# Velvet passed away Sunday night



## Tam24927 (Aug 24, 2010)

My baby girl Velvet passed away Sunday night. We still don't know what happened she was doing really well. She will be missed very much. She just turned 6 on the fourth of August.She was such a lovey girl always needed her lovins before eating. I will miss her laying her head on the door just waiting for her turn.You will be missed baby girl. Binky free with your sisters and daddy.


----------



## myheart (Aug 24, 2010)

I am so sorry for your loss of Velvet. She sounds like she was a special bunny in heart. I hope the good memories of your time with her will help heal the hole she has left in your home.

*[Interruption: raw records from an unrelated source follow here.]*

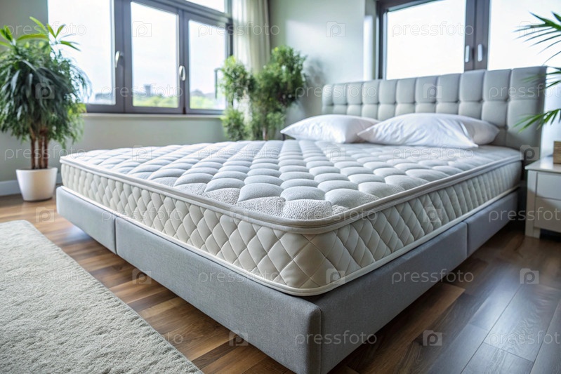 Новый белый роскошный комфортабельный ортопедический матрас на кровати в светлой спальне
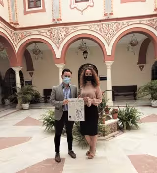 La delegada de Juventud del Ayuntamiento de Alcalá de Guadaira (Sevilla), Rosa Carro (Cs), conel diseñador Javier Ordóñez. - AYUNTAMIENTO DE ALCALÁ DE GUADAIRA (SEVILLA).
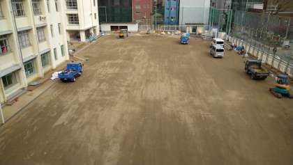先週にはあった「土」の山はきれいに平らになり、最終チェックをしているところです。
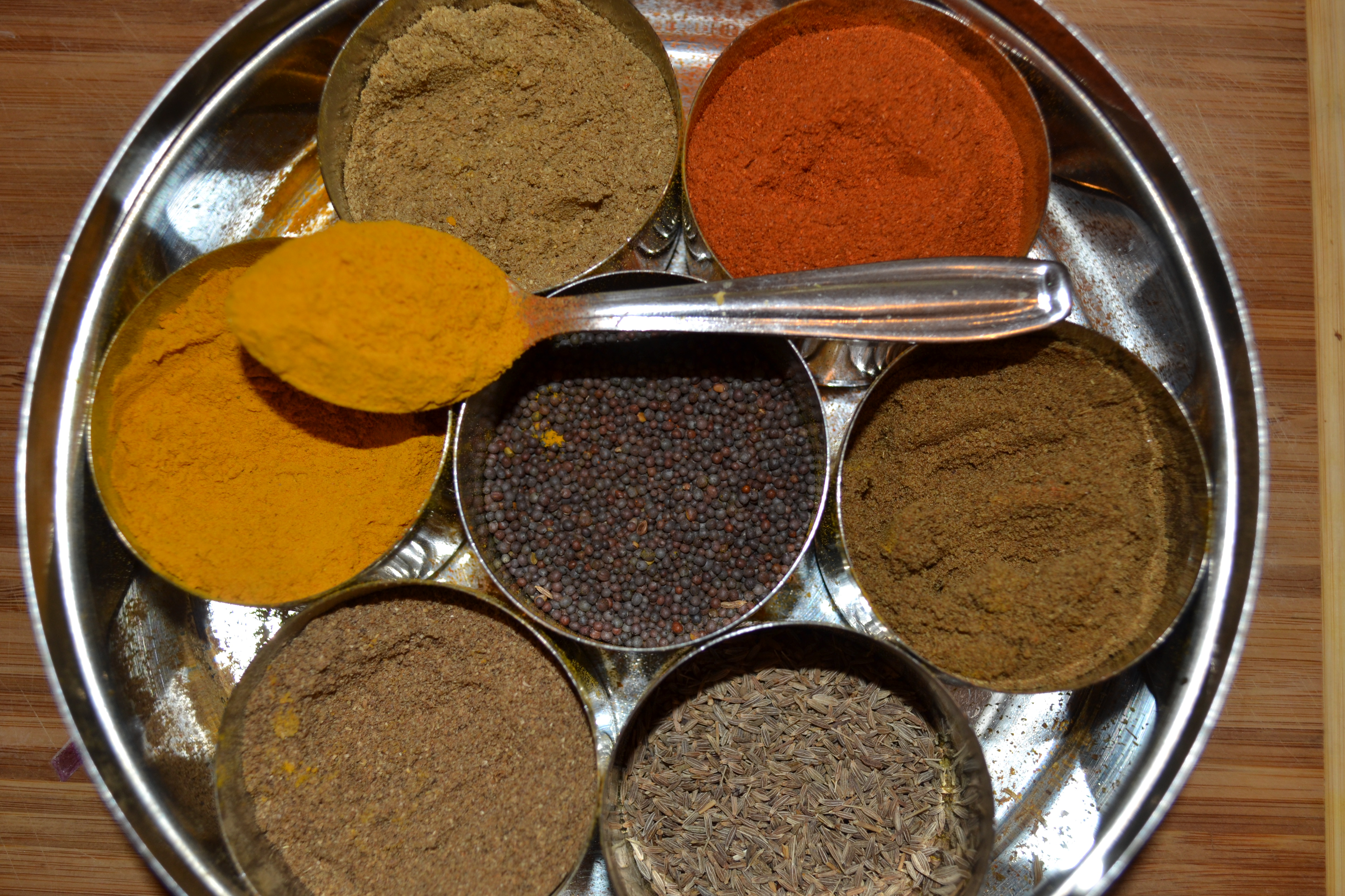 I had one of those lovely Indian spice boxes, got it in the Spice Souk in Dubai. I found that after a while the spices started to smell like each other. For example, the cinnamon began to take on the scent of cumin. Was I doing something wrong? Not using up the spices fast enough? Or maybe in Indian cooking you mix all the spices together in a masala so it doesn’t really matter? Also, I had trouble telling some of the spices apart. I guess the Spice Box takes practice. 😉
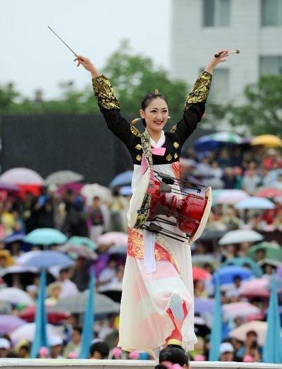 古代的長鼓,用獐皮做左邊的厚鼓皮,用狗皮做右邊的薄鼓皮,鼓筒采用木材或多層紙、薄鐵等材料制成。長鼓有沙市6個銅制的龍頭形鉤子,鉤住松緊繩.松緊繩用三股真絲線制成,每只鼓上裝有8全套袖,即用來調(diào)整鼓繩的皮套。長鼓起源于我國的宋代,后來流傳到朝鮮半島,成為朝鮮民族音樂的主要打擊樂器。我國東北朝鮮族聚居的地方,長鼓在朝鮮族音樂和舞蹈中起重要作用。長鼓的右邊用一根飾彩穗的竹條敲,左邊用手,右邊聲高左邊聲低,能敲擊出豐富多彩的節(jié)奏,著名的朝鮮族長鼓,在全世界聞名,藝術(shù)水平相當高,真正代表了能歌善舞的朝鮮民族的藝術(shù)特色。
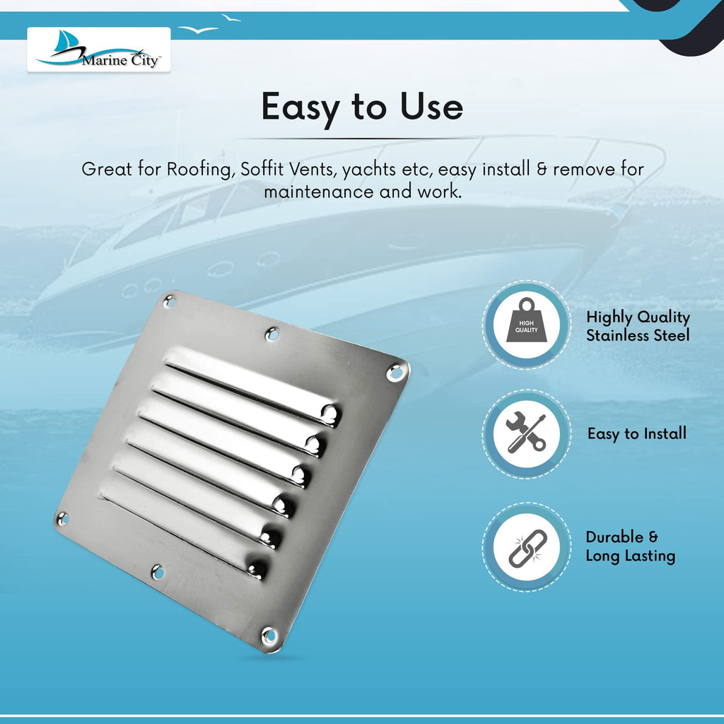 Marine City Stainless-Steel 4-1/2” × 5” Rectangle Stamped Louvered Ven – Marine City Hardware
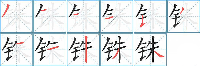 - 问:写"铢"字第10笔是什么笔画?答:撇【
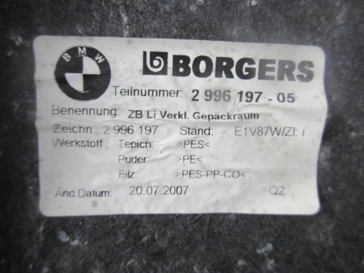 ОБИВКА БАГАЖНИКА, ЗАДНЯЯ СЛЕВА, E82 КУПЕ
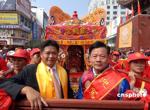 十月三十一日,在媽祖故鄉(xiāng)福建莆田舉行的第十屆湄洲媽祖文化旅游節(jié)上,“媽祖回娘家入城儀式”在市區(qū)舉行。來自十七個國家和地區(qū)的近三百多家媽祖文化機構,及臺灣一百一十五座媽祖分靈宮廟的信眾回到媽祖故鄉(xiāng)謁祖進香。海內(nèi)外來賓一千多人參加了該入城儀式。中新社發(fā) 劉可耕 攝
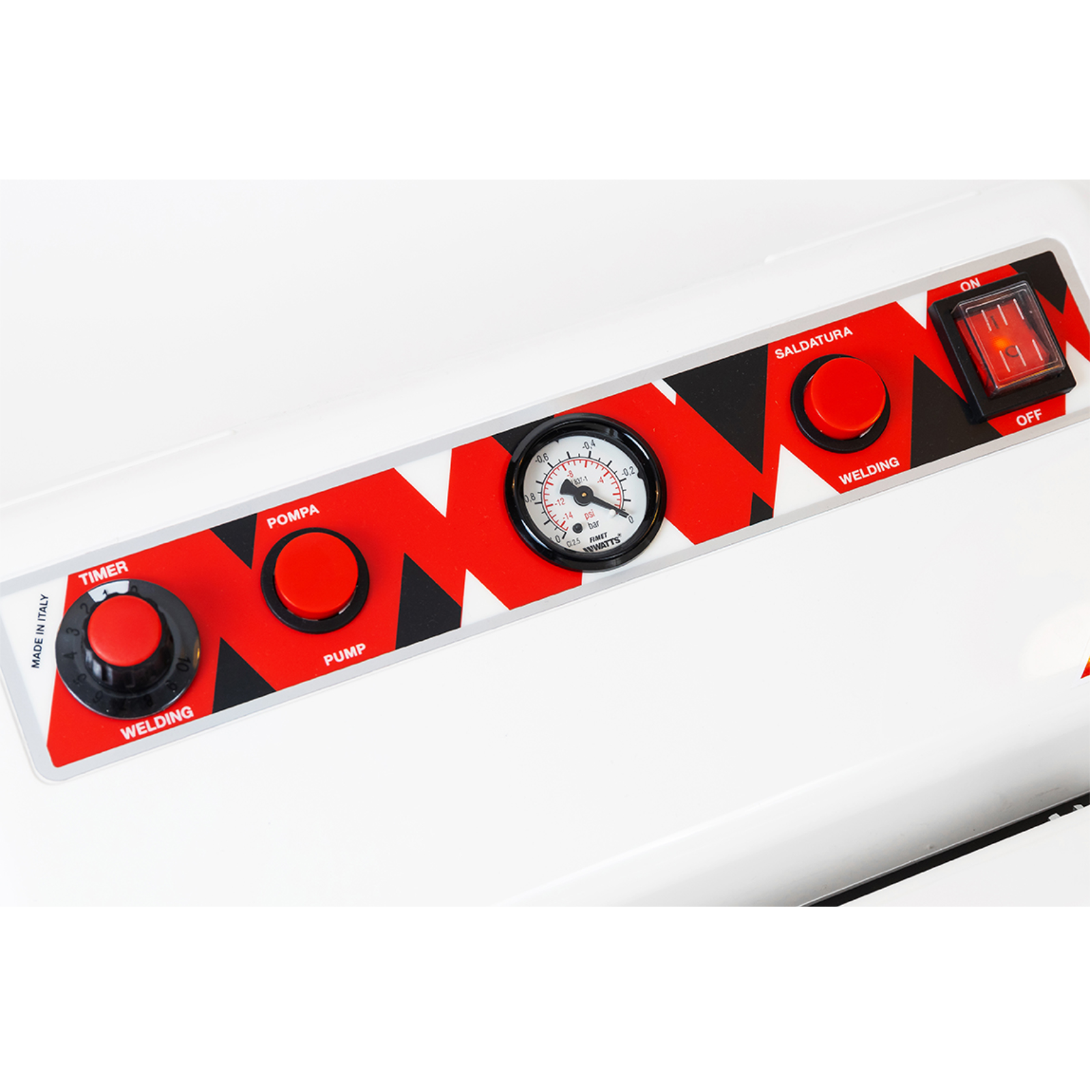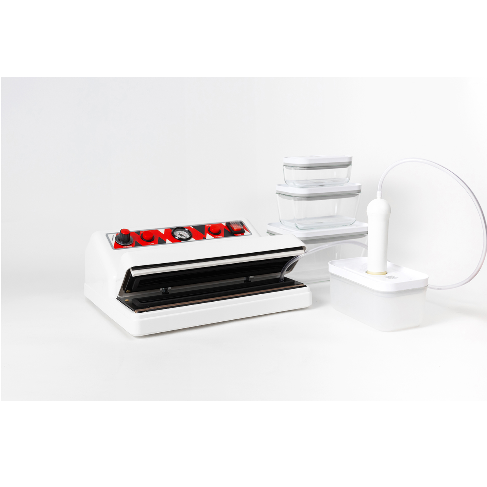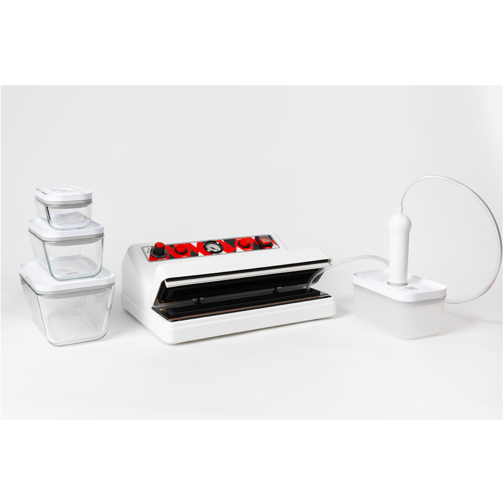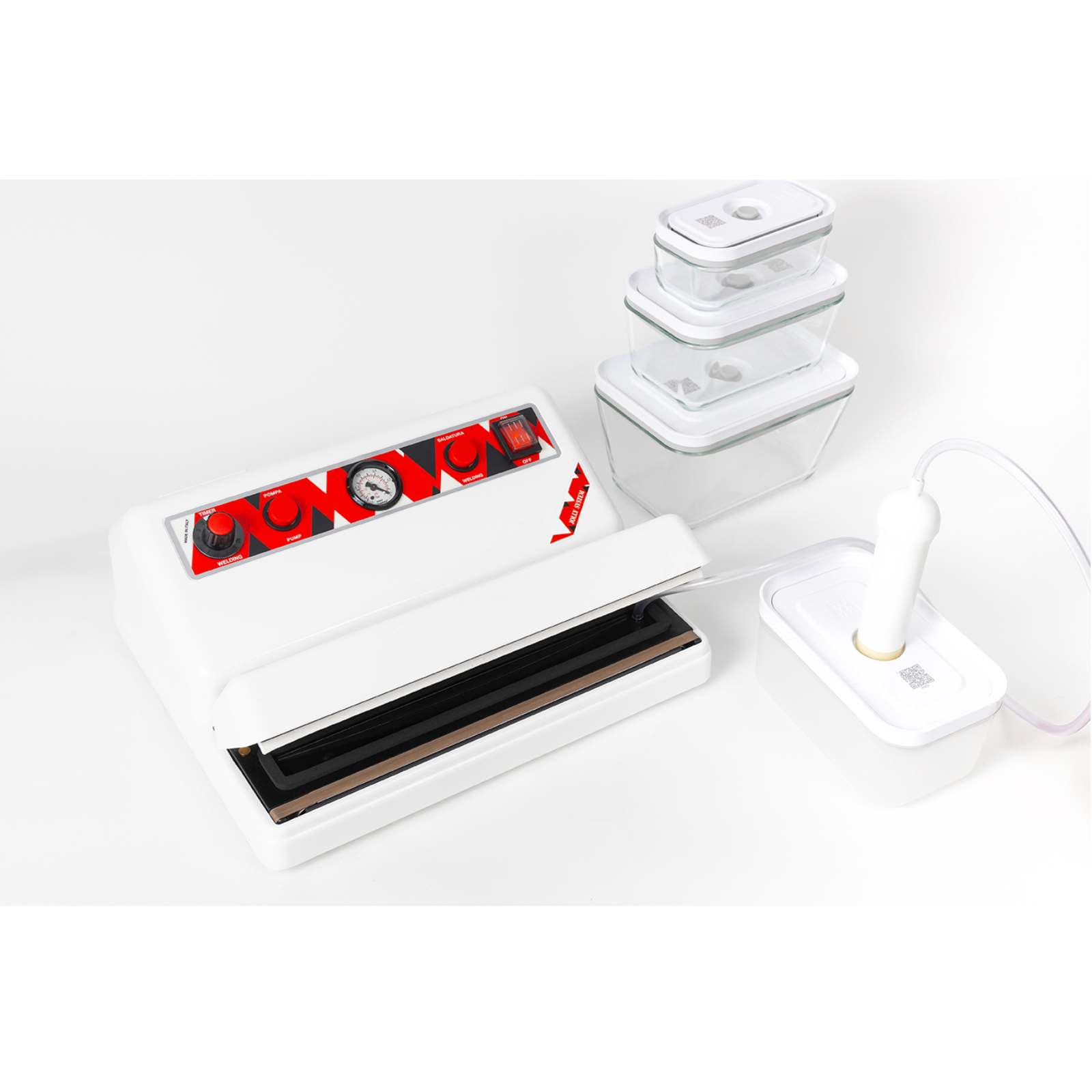 Ausstattung: Hauptschalter, Pumpentaste, Vakuummeter, Schweißtaste, Schweißtimer und Hochleistungs-Kolbenpumpe. Schlauchanschluss und Sensor, der es ermöglicht Vakuumier Behälter zu verwenden, ohne das die Maschine schweißt.
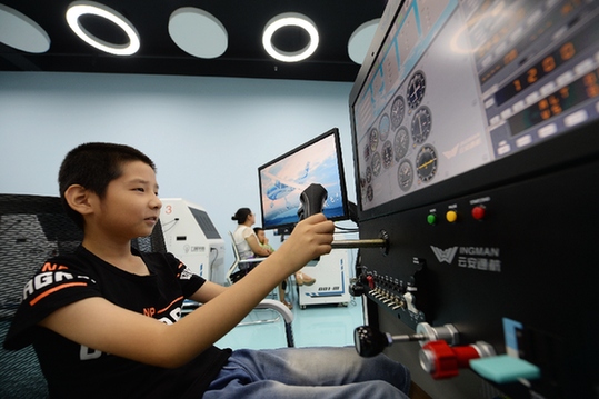 小游客在西安“九號宇宙”航天科普研學基地體驗飛行器模擬駕駛。記者 李一博 攝

Binky Free at The Bridge beautiful Velvet. :rainbow:

myheart


----------



## SOOOSKA (Aug 24, 2010)

I'm so sorry you lost your Velvet.

Bink Free at the Rainbow Bridge :rainbow:Velvet.

Susan:bunnyangel2:


----------



## Nancy McClelland (Aug 24, 2010)

we're so sorry for your loss of Velvet. Rest in peace and binky free at the bridge.


----------



## luvthempigs (Aug 24, 2010)

So sorry....:rose:


----------



## jujub793 (Aug 24, 2010)

binky free velvet you will be missed:rainbow:


----------



## rabbitsrock_love (Aug 25, 2010)

Binky free velvet have fun at the rainbow bridge!:bunnyangel::bunnyangel2:


----------



## cheryl (Aug 25, 2010)

I'm so very sorry for your loss of Velvet..


----------